## Task goal
For this exercise, an exact copy is needed of only the lines from the one containing "This breathtaking 1.00" through the end of the data, with pictures left out.
::: Material for this exercise
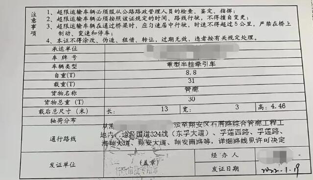 有超限運輸車輛通行證照樣查處 大件運輸車需按規(guī)定行駛
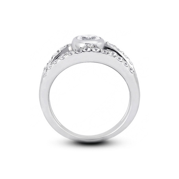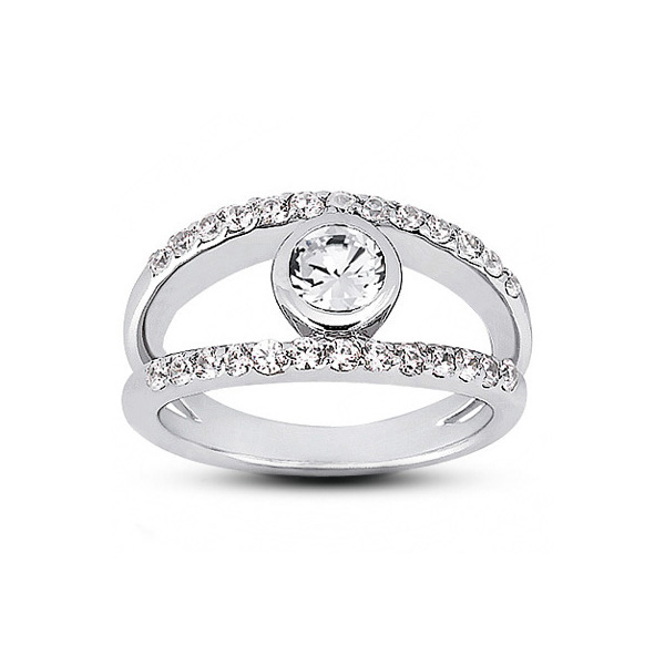 This breathtaking 1.00 carat total 18k white gold halo side stone engagement ring. The center round brilliant cut diamond weight 0.35 carat certified by AGI Gemological Laboratories as a Natural Earth Mined Diamond with E color, SI1 clarity enhanced, and with Very Good cut and proportions. To accentuate the glow of the stone on this one and only jewel our jewelry designer chose bezel setting for the center diamond and pave setting for the side stones. This jewelry will come with a 3rd party certificate and an estimate appraisal value of $4,432.
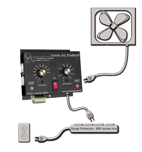 The CT-DH-1 operates on 120 Volt AC with 15 amp maximum switching capacity and is intended for indoor use only. Be sure to locate your atmospheric controller where it will accurately sample and respond to the average air conditions. Good air circulation around the controller and in your garden space is essential. Avoid locating the controller in a draft or in direct sunlight.
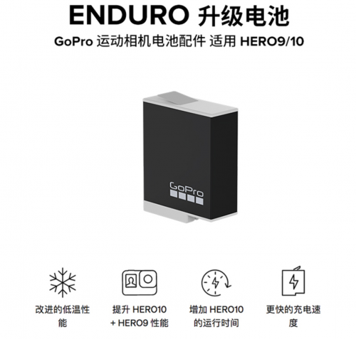 Enduro电池采用革新性技术,能够显著改善GoPro HERO10 或 HERO9在低温环境 (例如雪上运动)下的性能,同时还能显著延长GoPro在常温环境下的录制时间,高达40%。而此次升级仅需198元人民币。
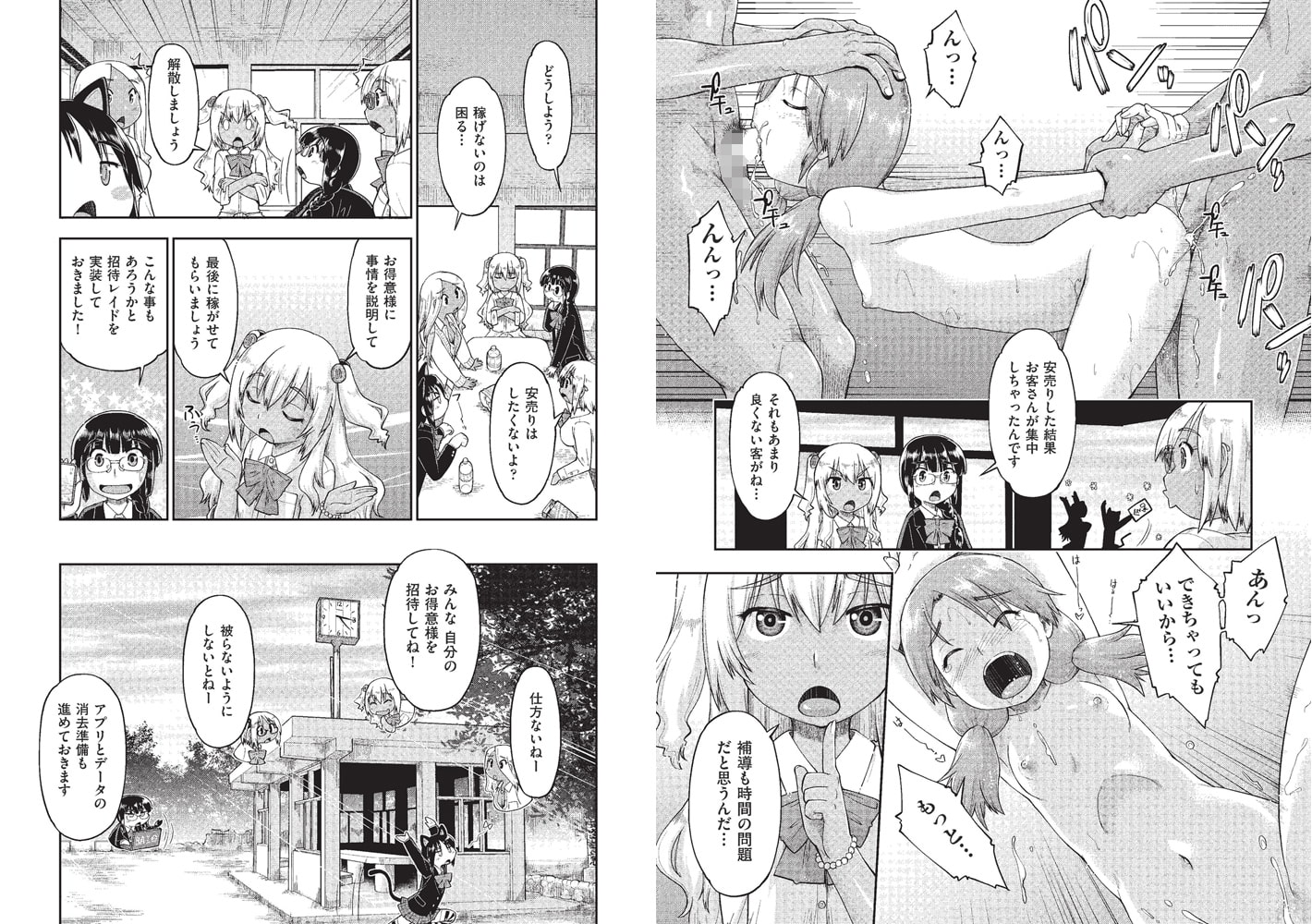 援交メンバーのうち一人が安売りして好き勝手やってしまいお客さんが集中しすぎて、その結果客層も悪くなり、補導も時間の問題という話し合いの結果解散することに。解散前にそれぞれお得意様を招待して最後の稼ぎと最後のサービスをすることに。連絡先を聞いてくる客も多いがキッパリ断って、最後の濃厚s-ビス!!
::::::
## Response area
 This breathtaking 1.00 carat total 18k white gold halo side stone engagement ring. The center round brilliant cut diamond weight 0.35 carat certified by AGI Gemological Laboratories as a Natural Earth Mined Diamond with E color, SI1 clarity enhanced, and with Very Good cut and proportions. To accentuate the glow of the stone on this one and only jewel our jewelry designer chose bezel setting for the center diamond and pave setting for the side stones. This jewelry will come with a 3rd party certificate and an estimate appraisal value of $4,432.
 The CT-DH-1 operates on 120 Volt AC with 15 amp maximum switching capacity and is intended for indoor use only. Be sure to locate your atmospheric controller where it will accurately sample and respond to the average air conditions. Good air circulation around the controller and in your garden space is essential. Avoid locating the controller in a draft or in direct sunlight.
 Enduro电池采用革新性技术,能够显著改善GoPro HERO10 或 HERO9在低温环境 (例如雪上运动)下的性能,同时还能显著延长GoPro在常温环境下的录制时间,高达40%。而此次升级仅需198元人民币。
 援交メンバーのうち一人が安売りして好き勝手やってしまいお客さんが集中しすぎて、その結果客層も悪くなり、補導も時間の問題という話し合いの結果解散することに。解散前にそれぞれお得意様を招待して最後の稼ぎと最後のサービスをすることに。連絡先を聞いてくる客も多いがキッパリ断って、最後の濃厚s-ビス!!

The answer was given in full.